In the accompanied video we demonstrate our hardware experiment. We evaluate our method SimFSVGD-Optimistic on a dynamic RC car. The goal of the agent is to learn a complex parking maneuver which involves loss of traction/drifting. We compare to SimFVGD [1].

SimFSVGD is a SOTA sample-efficient model-based RL algorithm which incorporates simulation priors into the training of Bayesian neural network dynamics. Thereby, the agent starts with an informed, albeit inaccurate, prior, and improves its model in an online fashion. This results in significant gains for sample-efficiency as shown in [1]. 

Following the experiments from [1], we use a simple bicycle model as the prior in our setup. 
As shown in the video, under the setting with sparse rewards, the SimFSVG agent, which greedily maximises the rewards with respect to its model distribution fails to do any meaningful exploration. This is because the reward is sparse and therefore, when planning through with its model posterior, the agent observes no reward signal and converges to the suboptimal solution of minimising the control costs, i.e., applying no actions. 

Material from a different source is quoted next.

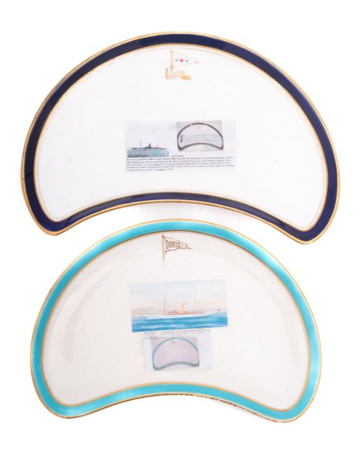 A Royal Worcester side plate for the steam yacht 'Doris', white with cyan and gilt border, maker's stamp to reverse, 22cm wide, together with a Royal Worcester side plate for the steam yacht 'Iolanda', white with dark blue and gilt border, maker's stamp to reverse, 25cm wide (2)
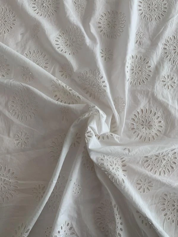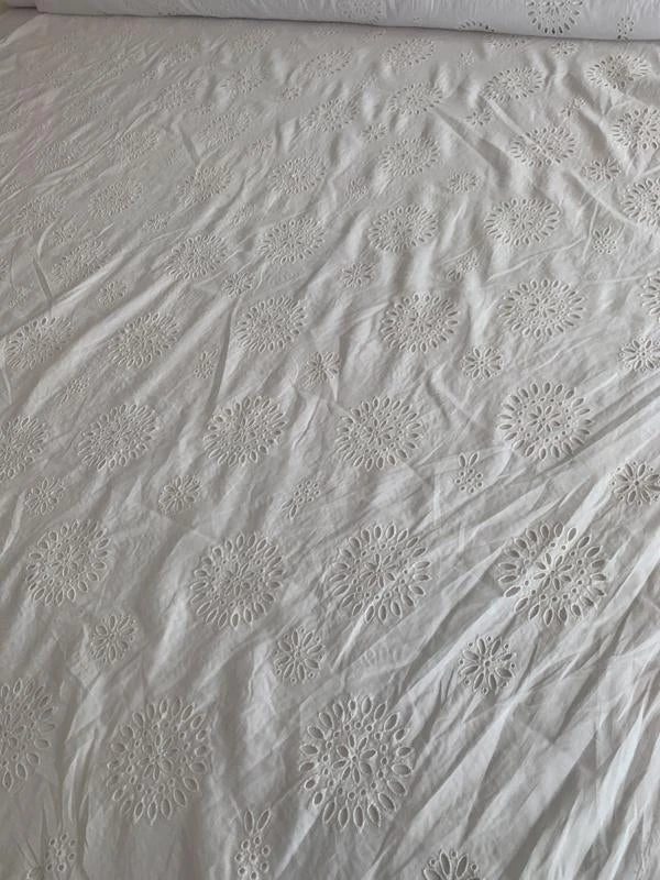 The bright white color is enhanced by the simple patterns on this floral embroidered cotton eyelet designer fashion fabric.

On the contrary, SimFSVGD-Optimistic explores in a much more principled manner, gradually improves its model, and learns to solve the parking task. This illustrates the advantages of principled exploration over greedy/naive exploration methods.


Note on the codebase: We ran our experiments (both simulation and hardware) using the open source implementations of the baseline algorithms. We will make our code available with the finalised manuscript or during the rebuttal period if requested.

Reference

[1] Rothfuss, Jonas, et al. "Bridging the Sim-to-Real Gap with Bayesian Inference." IROS (2024).